From the early 14C production data available in the late 1960s Roger Bray noticed a correspondence between climate change and radiocarbon production (Bray, 1968), thus defining both a climate cycle and a solar variability cycle. This caused him to propose that changes in solar activity were responsible for the climatic changes. The solar cycle can be clearly seen in the radiocarbon data from the ~ 2450 year spacing of higher 14C production at 12800-12650, 10300-10100, 5350-5200, 2800-2650, and 600-400 BP, corresponding to all the Bray lows in the Holocene and Younger Dryas except B4, that lacks a similarly noticeable 14C production signature (figure 57 ovals).

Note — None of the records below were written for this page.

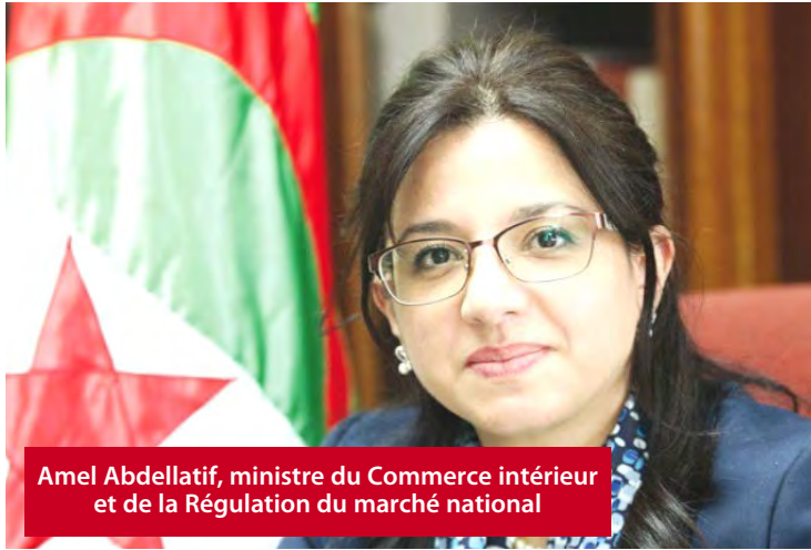
Amel Abdellatif, ministre du Commerce intérieur et de la Régulation du marché national

La ministre du Commerce intérieur et de la Régulation du marché national, Amel Abdellatif, a souligné que l'investissement n'atteint son véritable impact économique que s'il est intégré dans un système intégré de production et de commercialisation, insistant sur le rôle central de son ministère dans la régulation de la relation entre la production, la distribution et la consommation, et la garantie de la stabilité et de l'équilibre du marché.
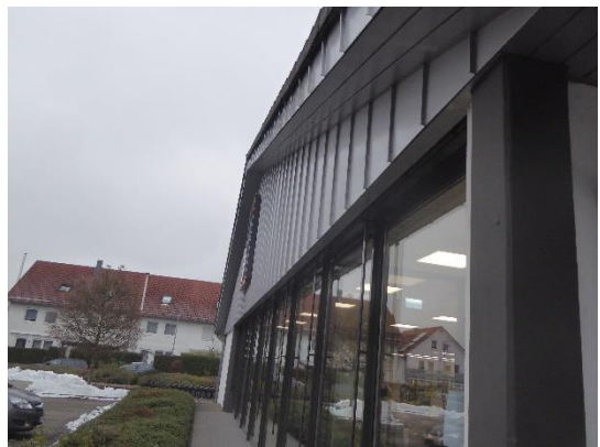
Abbildung 6: Seitenansicht des Marktes mit ähnlichem Quartierpotenzial.

⇒ Die Strukturen bieten Nistmöglichkeiten für siedlungstypische gebäudebrütende Vogelarten und Tagesquartierpotenziale für siedlungstypische Fledermausarten.
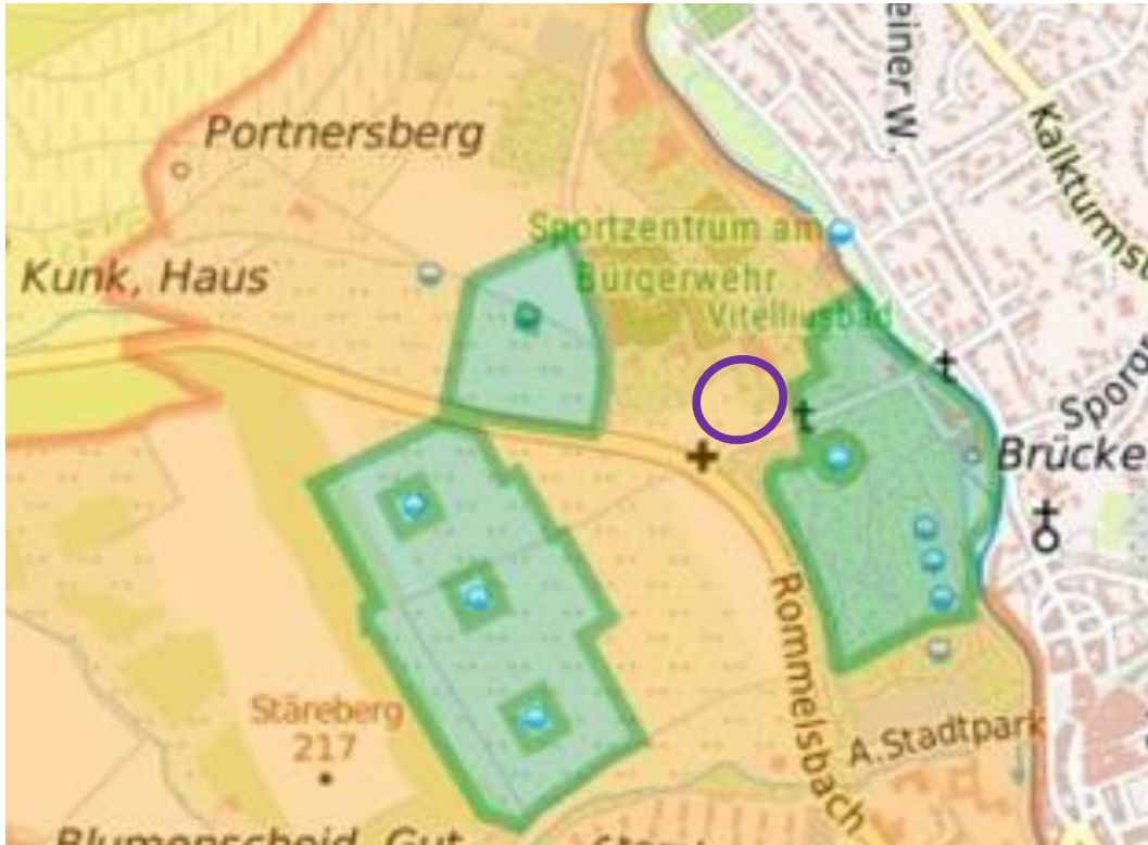
Abbildung 5: Neuabgrenzungsentwurf WSG (grüne Umrandung Zone II, orange Umrandung Zone III)

Der Geltungsbereich der 1. Änderung liegt räumlich im vorgesehenen Wasserschutzgebiet, WSG 100 Stareberg-Seiberich, amtl. Nr. 405110163 innerhalb der nunmehr abgegrenzten Schutzzone III B (weitere Schutzzone).
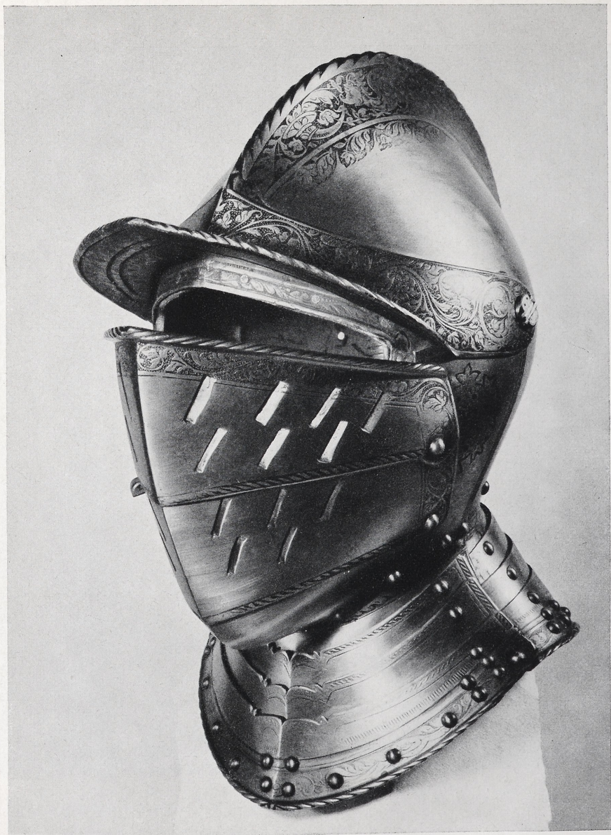
Abb. 2 Jörg Seusenhofer: Helm von einer Harnischgarnitur Kaiser Ferdinands I. Wien, Waffensammlung
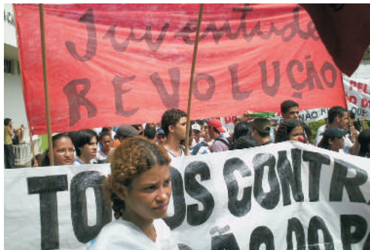
Militantes da JR de Cuiabá em ato contra restrições ao passe-livre

Ramirez: Esse ano está completando 40 anos de um dos episódios que mais marcaram o Movimento Estudantil e a luta pela liberdade no Brasil. Há exatos 40 anos o imperialismo, se utilizando da ditadura militar, pensou que podia acabar com a luta da juventude, e invadiram o Congresso da UNE que se realizava no Sítio Muduru em Ibiúna-SP. Para nós é simbólico, estamos continuando a luta pela liberdade

The Bray solar cycle was again identified by J. C. Houtermans in his PhD thesis of 1971, and has since been confirmed multiple times independently. The uncertainty regarding the position of B4, that should fall around 7.8 kyr BP, together with very low solar activity at around 8.3 and 7.3 kyr BP, plus the presence of other periods of very high 14C production between 11.5 and 9 kyr BP (figure 57 arrowheads), has caused different studies to differ in the length of the Bray solar cycle between 2200 and 2600 years depending on the methodology used. The best studies however establish the length of the Bray solar activity cycle between 2400-2500 years, and thus it is commonly referred as the ~ 2400-year cycle. In the late 1980s Sonnet and Damon despite being aware of Bray’s and Houtermans’ studies decided, against established custom, to name the cycle not by the name of its discoverer, but as Hallstattzei (later Hallstatt) for a late Bronze-early Iron cultural transition in an Austrian archeological site during the cycle’s B2 minimum, 2800 years ago. The inappropriateness of a human cultural name from a particular period for a solar cycle that has been acting for tens of thousands, and probably millions of years (Kern et al., 2012), plus the injustice of ignoring its discoverer, demand that the cycle be properly renamed as the Bray cycle.

One peculiarity of the ~ 2400-year solar cycle is that it modulates the amplitude and phase of the ~ 210-year de Vries solar cycle (Sonett, 1984; Hood & Jirikowic, 1990). The amplitude of the de Vries cycle is maximal at the lows of the Bray cycle (figure 58), and minimal at mid-time between lows, to the point of becoming imperceptible.